Sherbrooke Research and Development Center, Agriculture and Agri-Food Canada, Sherbrooke, QC, Canada.
Department of Biology, Université de Sherbrooke, Sherbrooke, QC, Canada.
Front Immunol. 2020 Jan 8;10:2874. doi: 10.3389/fimmu.2019.02874. eCollection 2019.
spp. (MAP) is the causative agent of Johne's disease (JD), also known as paratuberculosis, in ruminants. The mechanisms of JD pathogenesis are not fully understood, but it is known that MAP subverts the host immune system by using macrophages as its primary reservoir. MAP infection in macrophages is often studied in healthy cows or experimentally infected calves, but reports on macrophages from naturally infected cows are lacking. In our study, primary monocyte-derived macrophages (MDMs) from cows diagnosed as positive (+) or negative (-) for JD were challenged with live MAP. Analysis using next-generation RNA sequencing revealed that macrophages from JD(+) cows did not present a definite pattern of response to MAP infection.
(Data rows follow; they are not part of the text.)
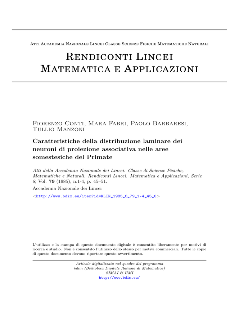 A TTI A CCADEMIA N AZIONALE L INCEI C LASSE S CIENZE F ISICHE M ATEMATICHE N ATURALI R ENDICONTI L INCEI M ATEMATICA E A PPLICAZIONI Fiorenzo Conti, Mara Fabri, Paolo Barbaresi, Tullio Manzoni Caratteristiche della distribuzione laminare dei neuroni di proiezione associativa nelle aree somestesiche del Primate Atti della Accademia Nazionale dei Lincei. Classe di Scienze Fisiche, Matematiche e Naturali. Rendiconti Lincei. Matematica e Applicazioni, Serie 8, Vol. 79 (1985), n.1-4, p. 45–51. Accademia Nazionale dei Lincei <http://www.bdim.eu/item?id=RLIN_1985_8_79_1-4_45_0> L’utilizzo e la stampa di questo documento digitale è consentito liberamente per motivi di ricerca e studio. Non è consentito l’utilizzo dello stesso per motivi commerciali. Tutte le copie di questo documento devono riportare questo avvertimento. Articolo digitalizzato nel quadro del programma bdim (Biblioteca Digitale Italiana di Matematica) SIMAI & UMI http://www.bdim.eu/ Atti della Accademia Nazionale dei Lincei. Classe di Scienze Fisiche, Matematiche e Naturali. Rendiconti Lincei. Matematica e Applicazioni, Accademia Nazionale dei Lincei, 1985. F. CONTI ED ALTRI, Caratteristiche della distribuzione laminare, ecc. 45 Fisiologia. — Caratteristiche della distribuzione laminare dei neuroni di proiezione associativa nelle aree somestesiche del Primate W. Nota di FIORENZO C O N T I , MARA FABRI, PAOLO BARBARESI e T U L L I O MANZONI, presentata <*•) dal Corrisp. O. P I N O T T I . SUMMARY. — The reciprocai associative connections between the first and the second somatosensory area (SI and SII) of the macaque monkey were investigated with the horseradish peroxidase (HRP) procedures. The aim was to determine, in both areas, the laminar distribution of the associative projecting neurones. In a first group of animals HRP was injected in area SII and in a second group in area SI. In the first group of animals it was found that the retrogradely- labelled neurones of area SI sending axons to ipsilateral area SII (SI-SII associative neurones) were distributed overwhelmingly in layer III (88.8%), mainly in the upper half of this layer. Few neurones were also present in layer II (6.1%), IV (1.8%) and V-VI (3.3%). In the second group of animals it was found that the retrogradely-labelled neurones of area SII sending axons to ipsilateral area SI (SII-SI associative neurones) were distributed mainly in layer V-VI (52.4%) and III (41.1%), especially in its upper half. Scattered associative neurones were also found in layer II (2.2%) and IV (4.3%). The different laminar origin of S I - S I I and S I I - S I associative projections might be related to a different functional role of the two projections in th^ trasmission of neural information between the two somatosensory areas. L'impiego delle nuove tecniche anatomiche basate sul trasporto assonico di certe sostante neurotraccianti come la perossidasi di rafano, alcuni aminoacidi marcati ed un gruppo di composti fluorescenti, ha consentito in questi ultimi anni di tracciare le connessioni cortico-corticali, sia associative che callosali, di diverse aree della corteccia cerebrale del Mammifero e di identificare sia i neuroni di origine che le terminazioni assoniche di queste proiezioni [2, 9, 17]. Uno degli aspetti di maggior interesse emerso da tali ricerche riguarda la distribuzione di questi elementi nervosi nelle diverse lamine che costituiscono la corteccia cerebrale. La loro distribuzione infatti non è casuale in quanto i neuroni di origine e le terminazioni assoniche delle proiezioni cortico-corticali sono disposti nelle varie lamine secondo modelli caratteristici e specifici che possono dipendere sia dall'area di origine che da quella di destinazione di queste (*) Lavoro eseguito col sussidio del Ministero della P.I. e della Regione Marche nell'Istituto di Fisiologia umana dell'Università di Ancona. (**) Nella seduta del 28 giugno 1985. 46 Atti Acc. Lincei Rend, fis. - S. VIII, vol. LXXIX, Ferie 1985, fase. 1-4 proiezioni. Nelle aree visive del Primate, ad esempio, è stato accertato che le connessioni associative tra le aree disposte tra loro in successione caudo-rostrale originano prevalentemente dagli strati sopragranulari e terminano soprattutto nel IV strato, mentre le connessioni reciproche tra le stesse aree, dirette in senso inverso, originano dagli strati infragranulari e terminano prevalentemente nei livelli più esterni della corteccia [7, 14]. Si ritiene che il tipo di organizzazione anatomica di una proiezione associativa sottenda la sua organizzazione e significato funzionale. Di fatto, neuroni corticali con caratteristiche morfologiche, biochimiche e fisiologiche diverse hanno una distribuzione preferenziale in una o più lamine corticali ed è stato inoltre osservato che la soppressione di proiezioni associative con diversa organizzazione anatomica può determinare modificazioni diverse nelle proprietà fisiologiche dei neuroni nell'area deprivata [9, 10, 15, 16; cfr. dati e lett. in 12]. Lo studio dell'organizzazione laminare delle connessioni associative in atto tra le aree sensoriali di proiezione primaria ed alcune aree corticali con cui le prime sono reciprocamente collegate potrebbe quindi suggerire quale significato abbiano le interrelazioni funzionali tra queste aree nella elaborazione intracorticale dei messaggi sensoriali. L'area somestesica prima (SI) e seconda (SII) del Primate sono anch'esse reciprocamente collegate tra loro mediante proiezioni associative [cfr. dati e lett. in 12]. Tali proiezioni erano note da tempo ma solo di recente ricerche basate sul trasporto assonico di sostanze neurotraccianti hanno potuto dimostrare che il modo di terminare delle fibre associative originate nell'area SI è diverso da quello delle omologhe fibre originate in SII. Infatti, le fibre associative della proiezione SI-SII terminano prevalentemente nel IV e III strato dell'area SII e, in misura minore, negli strati I—II e VI eccetto il V [4, 5]. Vice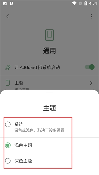 4、打开主题选择弹窗后,可从【系统】【浅色主题】【深色主题】这三个选项里,挑选想要应用的主题样式。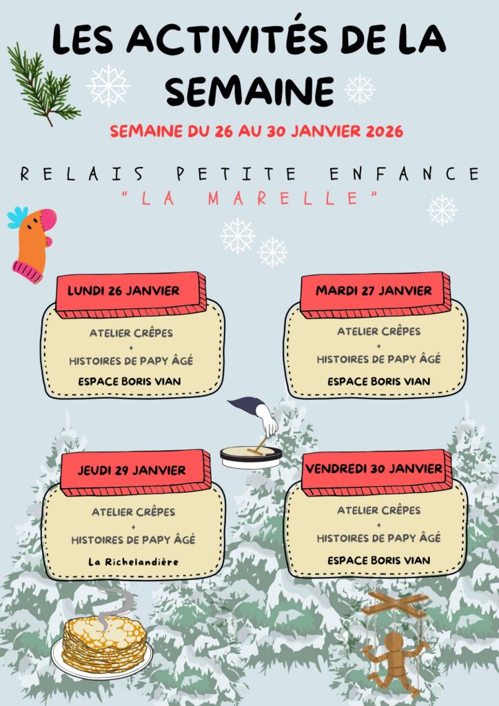 Bientôt à l’Espace Boris Vian …Le Relais Petite Enfance « la Marelle » propose une conférence sur la littérature jeunesse le 2 mars à 19h …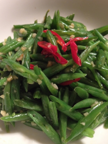 四季豆,蒜,生辣椒,食用油,鹽,米酒

Interestingly, a considerable number of genes, up to 1436, were differentially expressed in JD(-) macrophages. The signatures of the infection time course of 1, 4, 8, and 24 h revealed differential expression of , and among other genes, with major effects on host signaling pathways. While several immune pathways were affected by MAP, other pathways related to hepatic fibrosis/hepatic stellate cell activation, lipid homeostasis, such as LXR/RXR (liver X receptor/retinoid X receptor) activation pathways, and autoimmune diseases (rheumatoid arthritis or atherosclerosis) also responded to the presence of live MAP. Comparison of the profiles of the unchallenged MDMs from JD(+) vs. JD(-) cows showed that 868 genes were differentially expressed, suggesting that these genes were already affected before monocytes differentiated into macrophages. The downregulated genes predominantly modified the general cell metabolism by downregulating amino acid synthesis and affecting cholesterol biosynthesis and other energy production pathways while introducing a pro-fibrotic pattern associated with foam cells. The upregulated genes indicated that lipid homeostasis was already supporting fat storage in uninfected JD(+) MDMs. For JD(+) MDMs, differential gene expression expounds long-term mechanisms established during disease progression of paratuberculosis. Therefore, MAP could further promote disease persistence by influencing long-term macrophage behavior by using both tolerance and fat-storage states. This report contributes to a better understanding of MAP's controls over the immune cell response and mechanisms of MAP survival.
种。(MAP)是引起牛分枝杆菌病(JD)的病原体,也称为副结核病,在反刍动物中。JD 发病机制的机制尚不完全清楚,但已知 MAP 通过将巨噬细胞作为其主要储库来颠覆宿主免疫系统。MAP 在巨噬细胞中的感染通常在健康奶牛中进行研究或在实验感染的小牛中进行研究,但缺乏关于自然感染奶牛的巨噬细胞的报告。在我们的研究中,从被诊断为 JD(+)或 JD(-)的奶牛中分离的原代单核细胞衍生的巨噬细胞(MDM)用活 MAP 进行了挑战。使用下一代 RNA 测序进行的分析表明,来自 JD(+)奶牛的巨噬细胞对 MAP 感染没有呈现出确定的反应模式。有趣的是,多达 1436 个基因在 JD(-)巨噬细胞中差异表达。感染时间过程 1、4、8 和 24 h 的特征揭示了、等基因的差异表达,这些基因对宿主信号通路有重大影响。虽然 MAP 影响了几个免疫途径,但其他与肝纤维化/肝星状细胞激活、脂质稳态相关的途径,如 LXR/RXR(肝 X 受体/视黄酸 X 受体)激活途径和自身免疫性疾病(类风湿关节炎或动脉粥样硬化)也对活 MAP 的存在做出了反应。比较 JD(+)与 JD(-)奶牛的未受挑战的 MDM 之间的谱表明,有 868 个基因差异表达,这表明这些基因在单核细胞分化为巨噬细胞之前就已经受到影响。下调的基因主要通过下调氨基酸合成和影响胆固醇生物合成和其他能量产生途径来修饰一般细胞代谢,同时引入与泡沫细胞相关的促纤维化模式。上调的基因表明,脂质稳态已经在未感染的 JD(+)MDM 中支持脂肪储存。对于 JD(+)MDM,差异基因表达阐述了副结核病进展过程中建立的长期机制。因此,MAP 通过利用耐受和脂肪储存状态来影响长期巨噬细胞行为,可能进一步促进疾病的持续存在。本报告有助于更好地理解 MAP 对免疫细胞反应的控制以及 MAP 存活的机制。